A Molecular system: Left panel shows the full DNA gyrase system used for calculation; right panel provides a close-up of the binding site region. The three known binding sites are highlighted: FQ site (green), non-catalytic (NC) site (blue), and allosteric site (pink). The gyrase is displayed as a gray molecular surface and DNA is shown in orange. B AF3 clustering: AF3 successfully separates FQs (green), NC-site binders or NBTIs (blue), and allosteric inhibitors (pink) from unrelated compounds (orange and gray) based on pose convergence and proximity to the FQ site. Similar results were obtained with Boltz-1 (Table S3). C Boltz-2 clustering: In contrast, Boltz-2 fails to achieve this separation, clustering all binders near the FQ site. DF Docking poses generated by AF3: Close-up views for FQs (D), NBTIs (E), and allosteric inhibitors (F). DF also presents a chart comparing AF3 pose convergence—defined as the percentage of true inhibitors and other ligands with pose convergence < 2.0 Å and a distance from the reference binding site < 5.0 Å—with Boltz-2 binding likelihood predictions, expressed as the percentage of inhibitors with a predicted binding likelihood > 0.5. A selected set of docked compounds is shown, including zoliflodacin (ZLF), trovafloxacin (TVF), AMK32b (ID8), gepotidacin (GPT), and thiophene 1 inhibitor (TH1). Each 3D image shows five representative AF3-predicted docking poses (i.e., the highest ipTM-scoring model for each seed) alongside the center of-mass of the reference FQ, MFX (gray sphere), superimposed on the reference crystal structure (PDB ID: 5BS8). Carbon atoms are color-coded as in (B), while oxygen and nitrogen atoms are shown in red and dark blue, respectively. The Mg2+ ions are represented as green spheres, the protein as a gray ribbon, and the DNA as an orange phosphate backbone with green–blue base sticks. Both the protein and DNA are shown in transparency. Protein visualizations were generated using PyMOL (The PyMOL Molecular Graphics System, Version 3.0, Schrödinger, LLC).

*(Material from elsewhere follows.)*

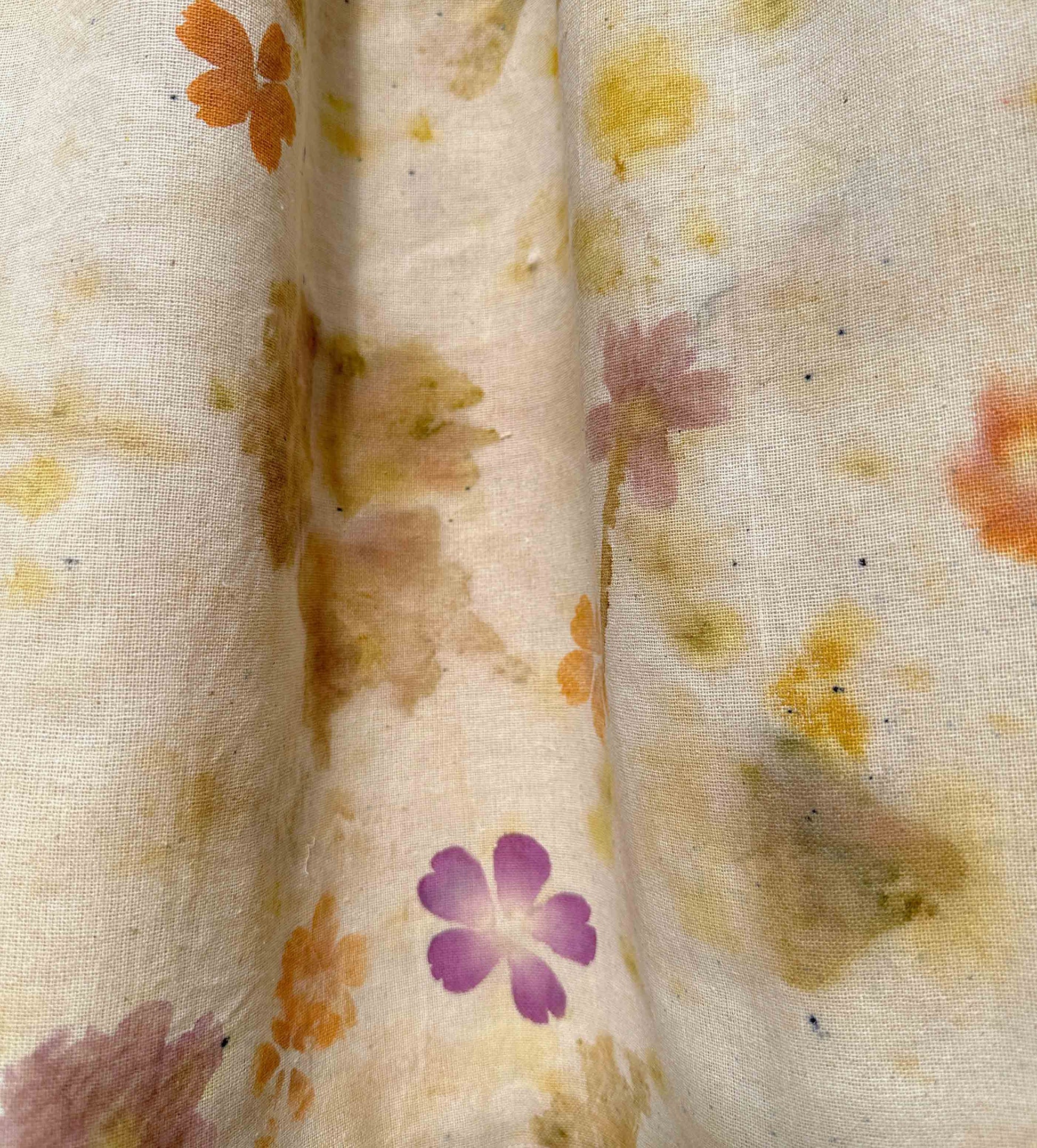 An ode to spring, this dress is imprinted with native flowers from our garden ~ Malati, Aparajita, Gulaab, Genda, all come together to blossom on this hand-woven cotton reverie.

In contrast, regardless of the co-folding model used, thiophene-class allosteric inhibitors were rarely docked at their expected binding site, located approximately 30 Å from the FQ site (Fig. 2F)24. Instead, many of these inhibitors were mislocalized to the FQ or NC sites rather than their true allosteric site (Table S3). When docking was performed in the presence of gepotidacin (GPT) and sparfloxacin (SPF)—used to block the NC and FQ sites, respectively—the allosteric inhibitors remained confined to their correct binding site (Fig. 2F). Notably, poor prediction of allosteric binding site in the absence of occupied primary sites has recently been demonstrated using a dataset of 20 orthosteric/allosteric ligand pairs targeting 17 proteins26.

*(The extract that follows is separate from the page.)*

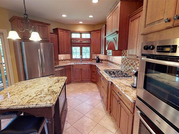 Gorgeous home on a 1.2 acre lot bordered by woods. Central School District too. Screened porch and patio overlook professionally landscaped yard.Tray ceiling in dining and master bedroom. Hardwood floors in dining and living room. Wood burning fireplace with wine chiller. Medallion cabinetry, granite counters and an island w/seating in the eat-in kitchen. Luxurious master has walk-in tiled shower, double sinks with vanity, garden tub and walk-in closet. Please view 3D tour.

Finally, although off-target compounds and gyrase ATPase inhibitors adopted plausible binding poses according PoseBusters27 (Table S3), they were, on average, more distant from all three key binding sites of the molecular system under study (Fig. 2D).

Thus, the two criteria, pose convergence and proximity from the FQ site, effectively distinguished the three classes of gyrase inhibitors when using AF3 and Boltz-1 diffusion models. The clustering pattern clearly separated FQs, NBTIs, and allosteric inhibitors—for these latter inhibitors, particularly when the other two binding sites were already occupied by their respective ligands—from unrelated compounds, which were more broadly dispersed across the clusters (Fig. 2).

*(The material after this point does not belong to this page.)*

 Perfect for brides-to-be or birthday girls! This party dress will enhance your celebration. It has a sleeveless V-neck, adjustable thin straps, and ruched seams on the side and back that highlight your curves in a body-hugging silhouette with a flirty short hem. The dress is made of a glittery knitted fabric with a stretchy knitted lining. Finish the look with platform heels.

Competitive docking scoring and pairwise matrix

As shown in the previous section, diffusion-based co-folding models generate docking poses for any tested compounds, including those that do not specifically bind to the target protein. In the case of DNA gyrase, when two FQ molecules were docked simultaneously, only one occupied the catalytic FQ site, while the second often stacked against the DNA at the second catalytic site, which is only partially represented in the docking model used here. Furthermore, we previously showed that accurate docking of allosteric inhibitors on DNA gyrase can be achieved when both an FQ and an NBTI are included during docking inference (Fig. 2F). Building on these observations, we implemented a pairwise competitive docking approach to produce a scoring matrix, ranking compounds using a Competitive Docking Score (CDS) (Fig. 3).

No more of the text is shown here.